The song was The Carpenters' twelfth and last top-ten single on the Billboard Hot 100—though they would have nine more top-ten singles on the AC charts, ending with AC number seven "Make Believe It's Your First Time", a few months after Karen's death in 1983.

The music video features some footage of Karen and Richard at work in the studio. After Karen sang the line, "the promise of morning light", it faded from the studio to a fountain in Huntington Library Gardens in San Marino, California.
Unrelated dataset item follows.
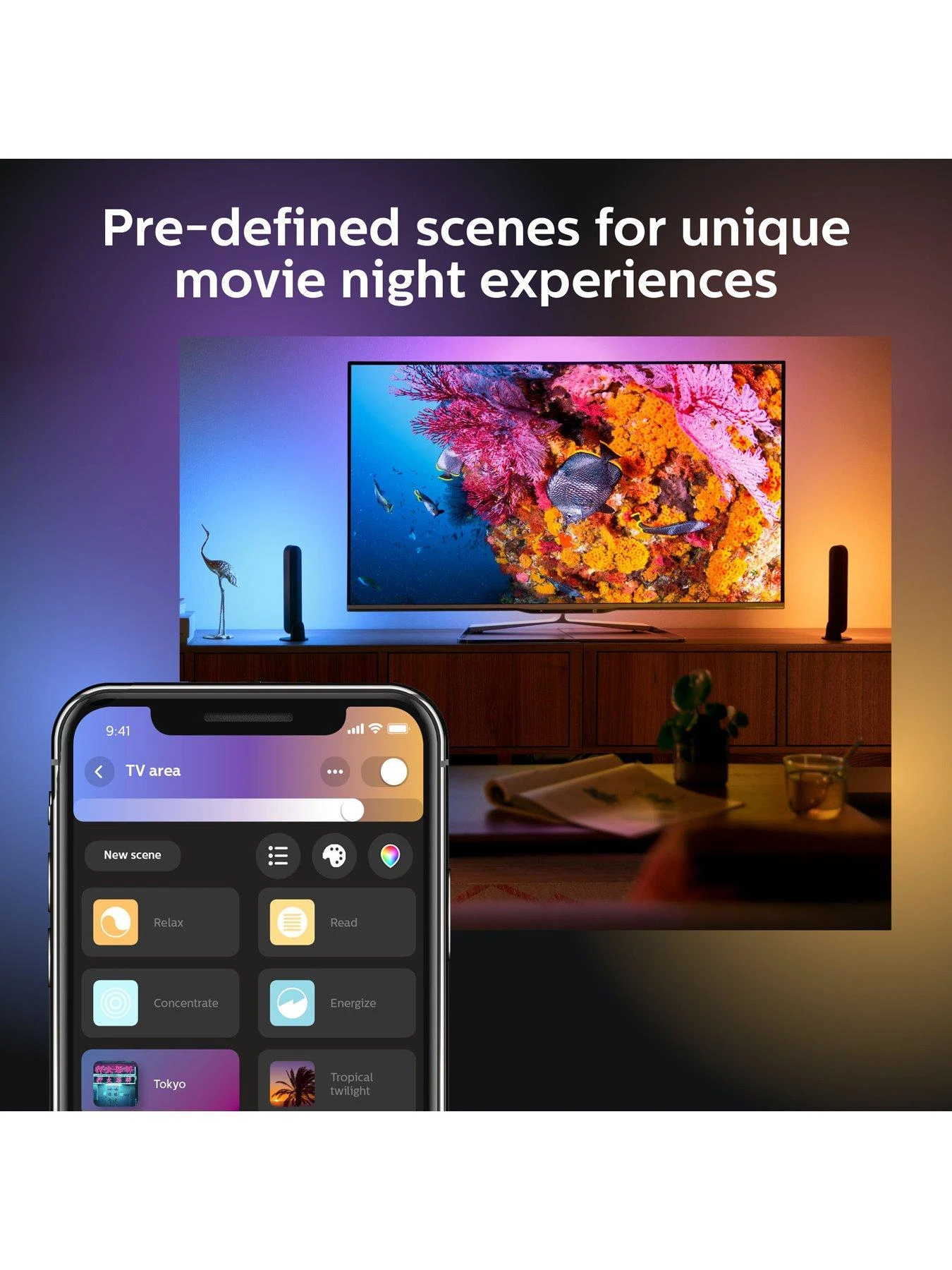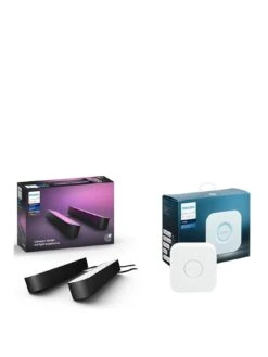This Play light bar 2-pack, which includes two light bars and a power supply that connects up to three lights, can be stood upright, laid down or placed onto the back of your TV with the included mounts  combined with a Hue Bridge allows you to unlock the full suite of smart lighitng feature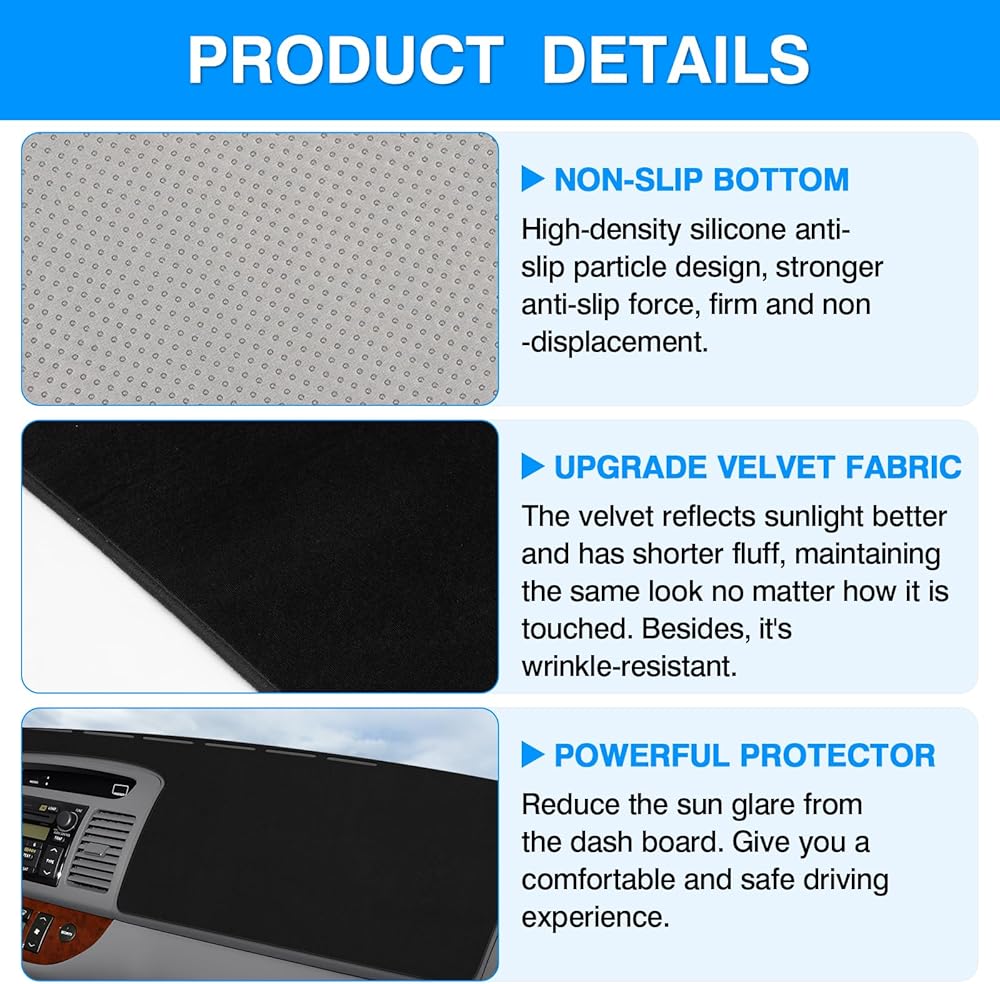 Easy Installation: Just place the dash cover straight on top of the dashboard and then fix the dash cover with seamless adhesive double-sided stickers. No worry about slipping

It then featured some footage of a red moon bridge, which was roped off to the general public, in the Japanese Garden at Huntington Library.

==Personnel==
- Karen Carpenter – lead and backing vocals
- Richard Carpenter – backing vocals, piano, Wurlitzer electronic piano, Fender Rhodes electric piano, orchestration
- Joe Osborn – bass guitar
- Tony Peluso – guitar
- Jim Gordon – drums
- Bob Messenger – tenor saxophone
- Earle Dumler – oboe
- Uncredited – percussion

==Charts==

===Weekly charts===

| Chart (1975) | Peak position |
|---|---|
| Australia (Kent Music Report) | 16 |
| Canada Top Singles (RPM) | 2 |
| Canada RPM Adult Contemporary | 2 |
| Ireland (IRMA) | 5 |
| Oricon International Singles Chart | 1 |
| Oricon (Japanese) Singles Chart | 12 |
| New Zealand | 10 |
| Quebec (ADISQ) | 4 |
| UK Singles Chart | 7 |
| US Billboard Hot 100 | 4 |
| US Billboard Adult Contemporary | 1 |
| US Cash Box Top 100 | 8 |
| West Germany (GfK) | 43 |

===Year-end charts===

| Chart (1975) | Rank |
|---|---|
| Brazil (Brazilian Radio Airplay) | 20 |
| Canada RPM Top Singles | 59 |
| Canada RPM Adult Contemporary | 15 |
| New Zealand | 33 |
| US Billboard Hot 100 | 94 |

==See also==
- List of number-one adult contemporary singles of 1975 (U.S.)